A Project is your workspace. It's where you write system messages, configure tools, set memory parameters, and review trace logs from previous runs. Think of it as the developer workbench where you build and test before deploying. Once your agent is ready, you deploy it from the Project to the Agent Service, which is the managed runtime that your actual end users connect to.
The Model Catalog
Foundry ships with a model catalog — a library of pre-trained models you can browse and deploy. OpenAI models (GPT-4o, GPT-5), Microsoft's own Phi series for smaller/faster inference, and various third-party options. When you deploy a model from the catalog, you're not sharing capacity with anyone else. You reserve a dedicated copy with its own endpoint URL and API key. That isolation is what makes latency predictable at scale.
One model can serve multiple agents within the same Hub, and a single agent can use multiple deployed models — routing to a cheaper, faster model for simple tasks and escalating to a more capable one for complex reasoning.
Endpoints, API Keys, and How to Store Them
When you deploy a model or an agent, Foundry gives you an HTTPS endpoint URL. That's the address your code uses to reach it. Every endpoint also has an associated API key — a secret string that must be included in every request header. Without it, calls get rejected with a 401.
The golden rule: never put API keys in source code. Not in a string literal, not in a comment, not anywhere a version control system might capture them. Use environment variables or Azure Key Vault.
import os
from azure.identity import DefaultAzureCredential
from azure.keyvault.secrets import SecretClient
# In production: retrieve keys from Key Vault at runtime
credential = DefaultAzureCredential() # Uses managed identity on Azure
kv = SecretClient("https://my-vault.vault.azure.net/", credential)
endpoint = kv.get_secret("foundry-endpoint").value
api_key = kv.get_secret("foundry-api-key").value
# DefaultAzureCredential tries these in order:
# 1. AZURE_CLIENT_ID / AZURE_CLIENT_SECRET env vars
# 2. Managed Identity (if running on Azure)
# 3. Visual Studio / VS Code login
# 4. Azure CLI login
Agent Identity: Blueprints, Sponsors, and Conditional Access
Before Foundry, agents ran under the identity of whatever Azure service hosted them — or even the developer's own credentials.

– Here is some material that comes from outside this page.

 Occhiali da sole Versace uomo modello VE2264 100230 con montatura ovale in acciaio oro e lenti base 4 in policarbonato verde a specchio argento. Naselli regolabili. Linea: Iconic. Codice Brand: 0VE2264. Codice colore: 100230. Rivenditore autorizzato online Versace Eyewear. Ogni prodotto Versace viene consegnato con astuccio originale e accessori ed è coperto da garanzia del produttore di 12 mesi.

That made auditing messy and access control hard. Foundry introduces Entra Agent ID, giving every agent its own unique identity in Azure AD, at the same tier as a human user.

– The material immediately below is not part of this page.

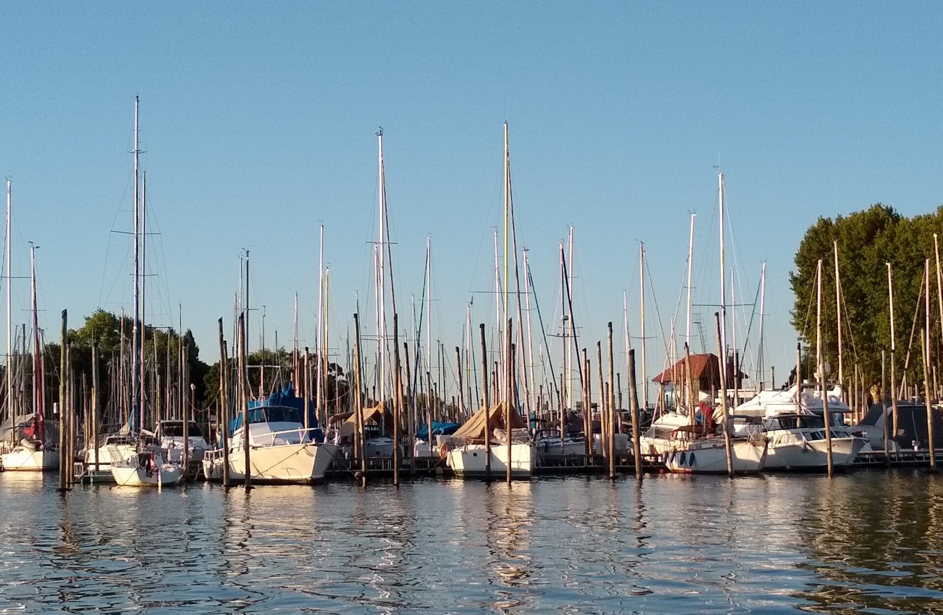 Una al lado de la otra vemos las embarcaciones iluminadas por los últimos rayos del sol. Bajamos y nos dirigimos al muelle aledaño.

This matters for three reasons: you can audit agent actions separately from human actions, you can grant agents exactly the permissions they need (and no more), and you can assign a human sponsor who is accountable for the agent's behaviour.
A Blueprint is a reusable permissions template. Instead of manually granting the same RBAC roles to every agent you deploy, you define them once in a Blueprint and apply it to many agents. The real power: update the Blueprint and all agents using it automatically receive the updated permissions — no redeployment needed.

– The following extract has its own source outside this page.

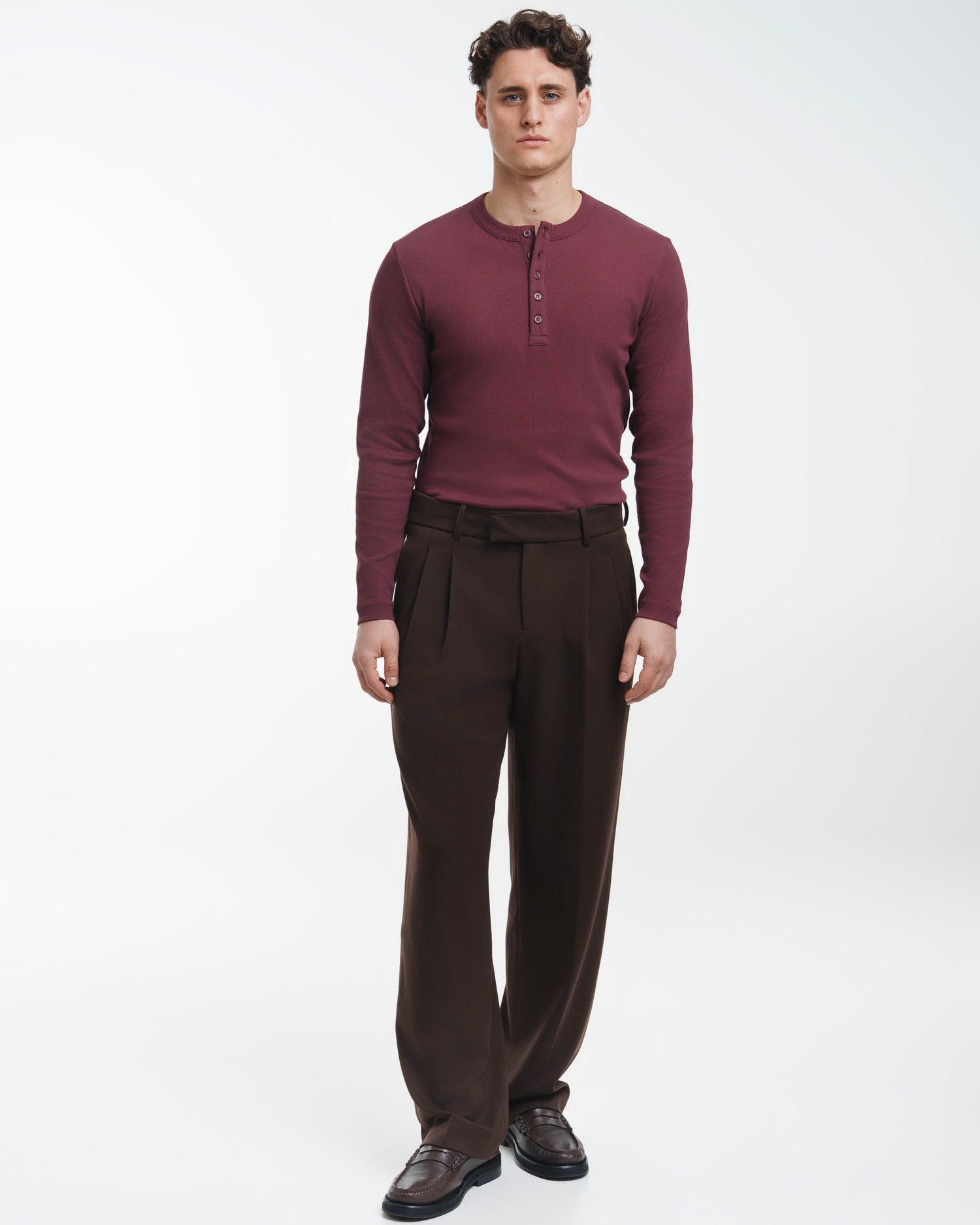 Fine Rib Henley Longsleeve (Bordeaux)

A Sponsor is the human responsible for an agent. Every agent must have one. If a sponsor's Entra account is deleted (they leave the company, for example), the agent enters a 24-hour grace window before its permissions are suspended. After that grace window, the agent throws an error — "agent suspended, no sponsor assigned" — until a new sponsor is assigned.
Conditional Access extends the same policy engine used for human employees to agents. You can write rules like "this agent may only access customer data between 8am and 6pm" or "this agent may only run from approved IP ranges." These are enforced at the platform level, outside your agent code.